Farming has been a part of Jonathan’s family for generations. Hazel, however, was raised in San Diego, California, and considers herself a “city kid.” When she moved east in 2000 to be with Jonathan, Hazel experienced quite a lifestyle change. “It is sort of a different way of life, so it was an adjustment at first, but I think seeing how much the farm was really part of his family helped. His family was so welcoming.” Hazel recalls.



Sixteen years later, the farm is truly her home. “Now, I can help herd pigs. We can kind of look at each other and I know where I need to go. In the beginning, it was kind of hard because I had no idea you have to be very quiet with pigs, and they can get spooked easily. You have to try and make them turn a certain direction. It’s something you have to learn from experience, not anything you can read about in a book.”
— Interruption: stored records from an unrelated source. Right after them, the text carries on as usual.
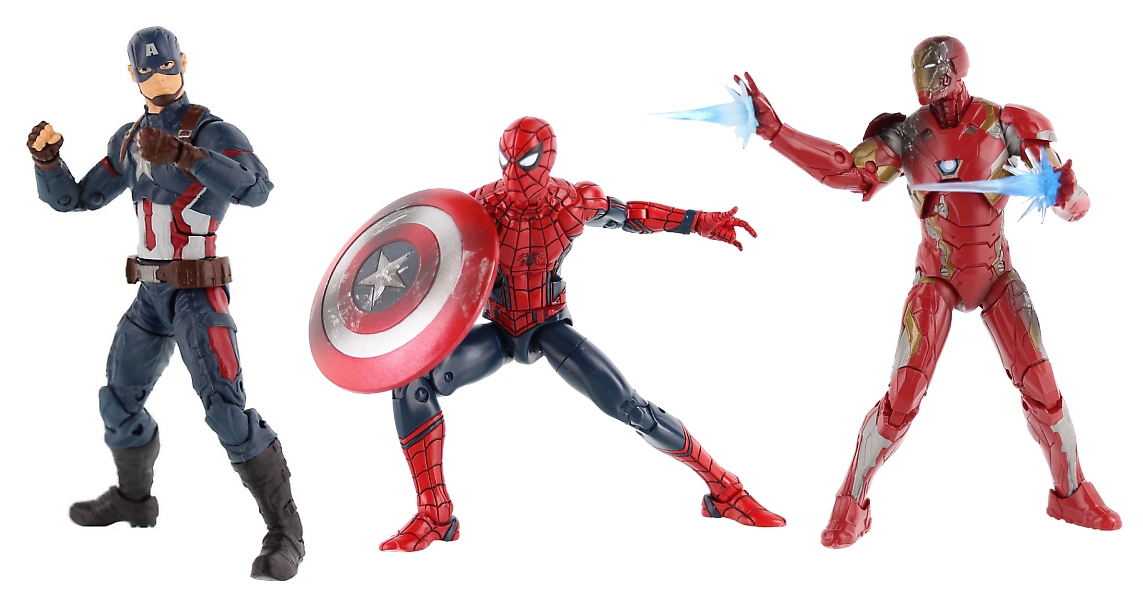 When the lines between right and wrong are blurred, which heroes will emerge victorious? Fans can collect their favorite heroes from the highly anticipated new film MARVEL’S CAPTAIN AMERICA: CIVIL WAR with this super trio of CAPTAIN AMERICA, IRON MAN, and SPIDER-MAN figures. Each figure comes equipped with iconic accessories inspired by the movie, such as CAPTAIN AMERICA’s shield and IRON MAN’s repulsor blasts. Figures come in an impressive 6-inch scale and feature premium articulation and detailed sculpting and deco. Includes three MARVEL LEGENDS figures, six accessories, and one shield. Available at most major retailers and on HasbroToyShop.com.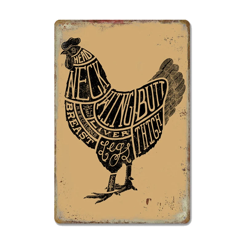 Посылка входит: 1 шт. x жестяная вывеска с цыпленком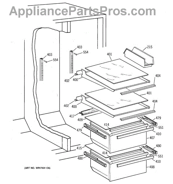 Parts for Ge CST20KABBAD: 04 - Fresh Food Shelves Parts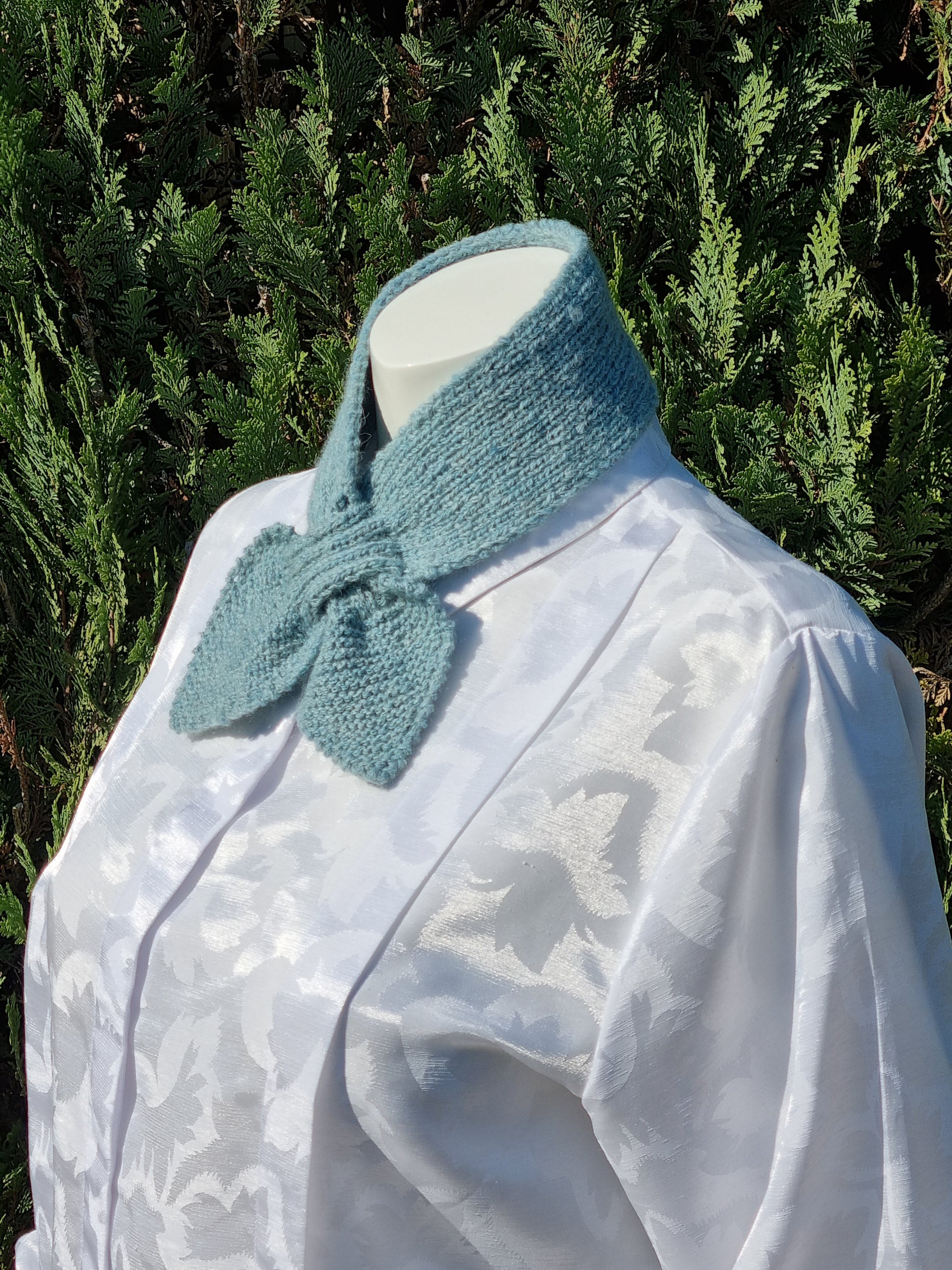 Steckschal nach historischem Muster, handgestrickt, schilfgrün-melange mit Alpaka

Since taking over the ownership and management of the farm, this generation of Secciarolis have found a passion for connecting with the people in their community. Three years ago, they began taking their meat to farmers markets in the area. “We enjoy being able to connect with the community and having that direct connection to people that are buying the product. They often say, ‘Oh, I know your family. I went to school with so and so.’ It’s nice to be part of bringing that family legacy to the community as well.” Hazel smiles.


In addition to farmers market sales, the Secciarolis are known for their roasting pigs. “Jonathan has built up the farm in a way where he’s producing pigs and he’s got equipment people can rent so they can have their own pig roasts.” Hazel explains. An alternative to hiring a caterer, a pig roast provides food for a celebration like a graduation or birthday, plus a unique experience. The family has plenty of tips and tricks for first time roasters.
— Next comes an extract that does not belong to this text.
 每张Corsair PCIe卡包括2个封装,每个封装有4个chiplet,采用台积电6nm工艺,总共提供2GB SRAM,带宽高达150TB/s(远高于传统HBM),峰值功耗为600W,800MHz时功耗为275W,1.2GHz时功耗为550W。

Jonathan and Hazel’s children are learning from working alongside their parents on the farm. They love helping to herd the pigs and enjoy playing in the shavings Jonathan has to get for the pigs' bedding. "There’s a trailer full of them, so the kids like going in them, arranging the shaving bundles into houses and forts.” 
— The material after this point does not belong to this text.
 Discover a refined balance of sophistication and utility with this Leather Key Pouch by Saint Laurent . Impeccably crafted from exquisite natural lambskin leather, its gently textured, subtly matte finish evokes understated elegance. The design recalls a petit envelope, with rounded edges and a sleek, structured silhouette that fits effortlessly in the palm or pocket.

While the kids are having fun, they’re also beginning to understand valuable life lessons. “They know where their food comes from. They know they are eating pork. They know ham comes from a pig’s butt. I think a lot of kids may not know where their food is coming from.” Hazel says. “I heard a kid say, ‘Sausage comes from pigs?!’ They don’t know. Hot dogs, stuff like that, yeah that comes from a pig. My kids know that and they know what part of the pig they are eating.”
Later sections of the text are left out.